Owing to processes not fully closing, your port 8888 may be occupied. To deal with this you can type in your ec2 shell:

```bash 
ps aux | grep -i notebook
```

which will return a list of some processes (if you have any). Those with the reference "/home/ec2-user/anaconda2/bin/jupyter-notebook" are notebook processes still running. You will see a format which says "ec2-user some_number some_other_text" where some_number is a number (probably four or five digits) which is the second text to appear after "ec2-user". You can kill this process with:

```bash
kill -9 some_number
```

Once you do this for any notebooks running, then you can start jupyter notebook again and it should run on 8888 (since this port is no longer occupied).
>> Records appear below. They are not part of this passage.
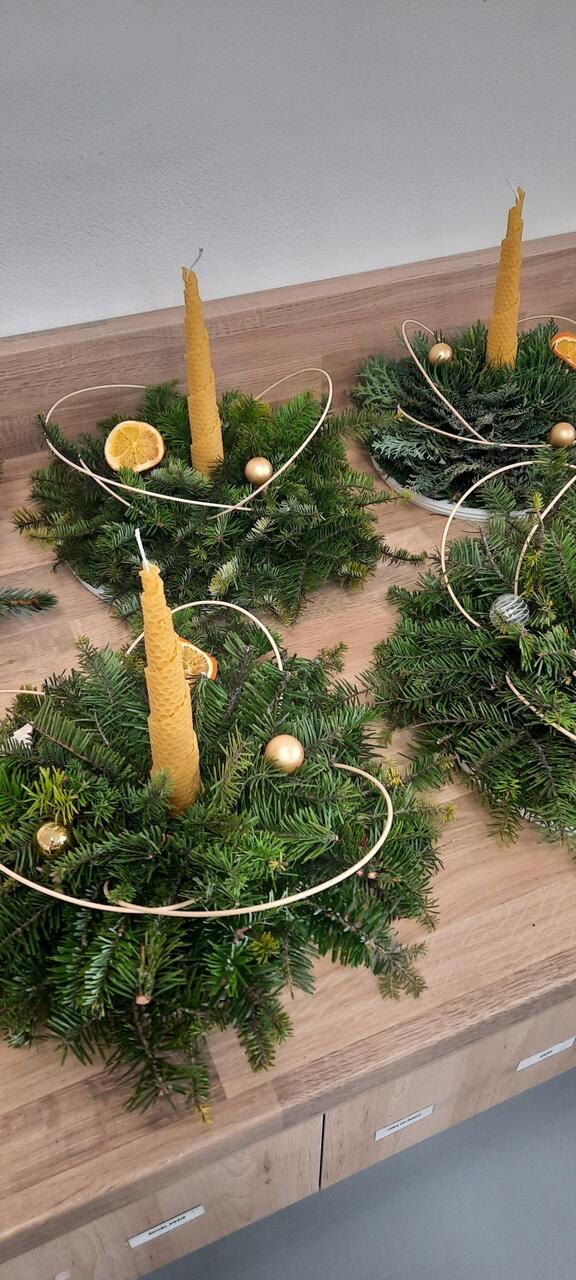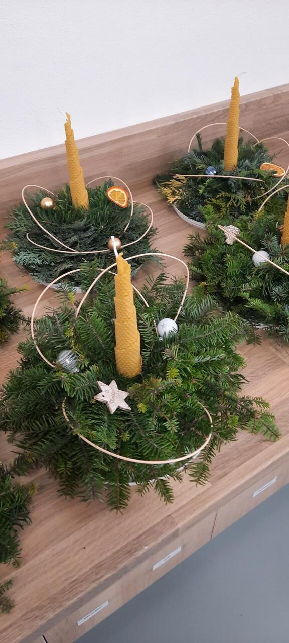 Svícny z chvojí a svíčky z mezistěn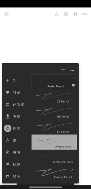 在这个页面选好一支画笔后,点击黑色区域右上角“+”号的旁边位置,就能进入画笔详细参数的设置界面了。
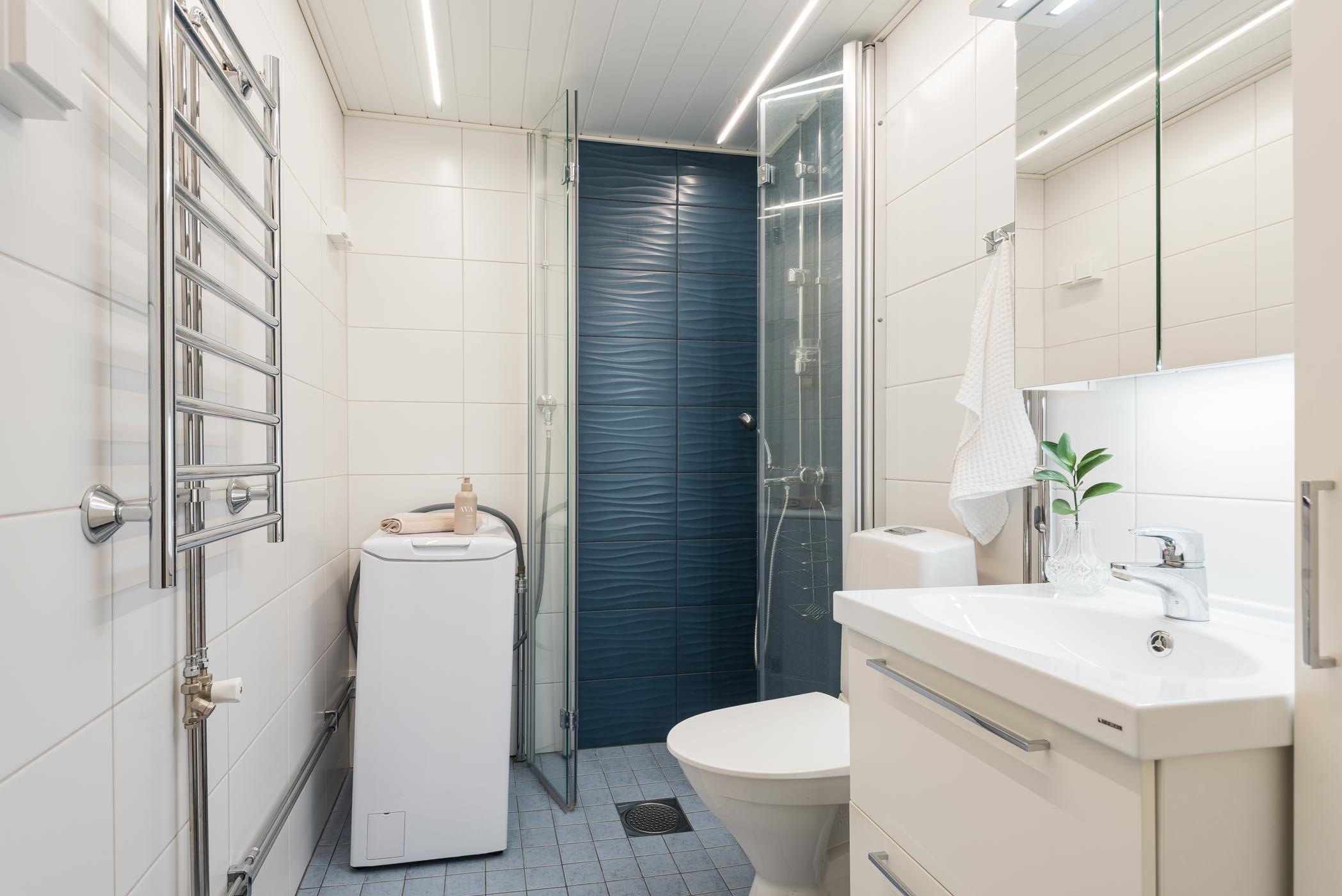- Kylpyhuoneessa suihku, peilikaappi, allaskaappi, lattialämmitys, kiinteät valaisimet, suihkutaiteovi , kaappi, pyyhekuivain. Kylpyhuone remontoitu LVI-remontin yhteydessä.

## An aside on running processes with screen

Let's say you want to leave a script running for a long time, and you want it to be independent of your local computer. Currently if you run processes in your ec2 shell and then close that terminal window, the process will stop. The same goes for a jupyter notebook; it will stop if the terminal window is closed.

If you run any python script, you can leave it running in the background lauching it with

```bash
python pythonscript.py &
```

Alternatively, in the ec2 shell, type:

```bash
screen
```

You are now in a screened process. If you run your script and type "ctrl-a d" (i.e. type "ctrl" and "a" at the same time, then immediately afterwards type "d") you should be back in your standard window. Now you can close the terminal window and your process will still run in the background (which was not true before). To return to a screened process, type:

```bash
screen -r
```

Note that this will work even if you close the original terminal window and ssh back in to the ec2 instance. To check the screens running:

```bash 
screen -ls
```

and you can kill any screens left running with

```bash
screen -X -S full_name_of_screen_returned_by_screen_ls_command quit
```

See also [Screening](https://uisapp2.iu.edu/confluence-prd/pages/viewpage.action?pageId=115540034).

> **Test:** Try what happens if you close a browser while a notebook is running. Can you reaccess the notebook and will it have continued working?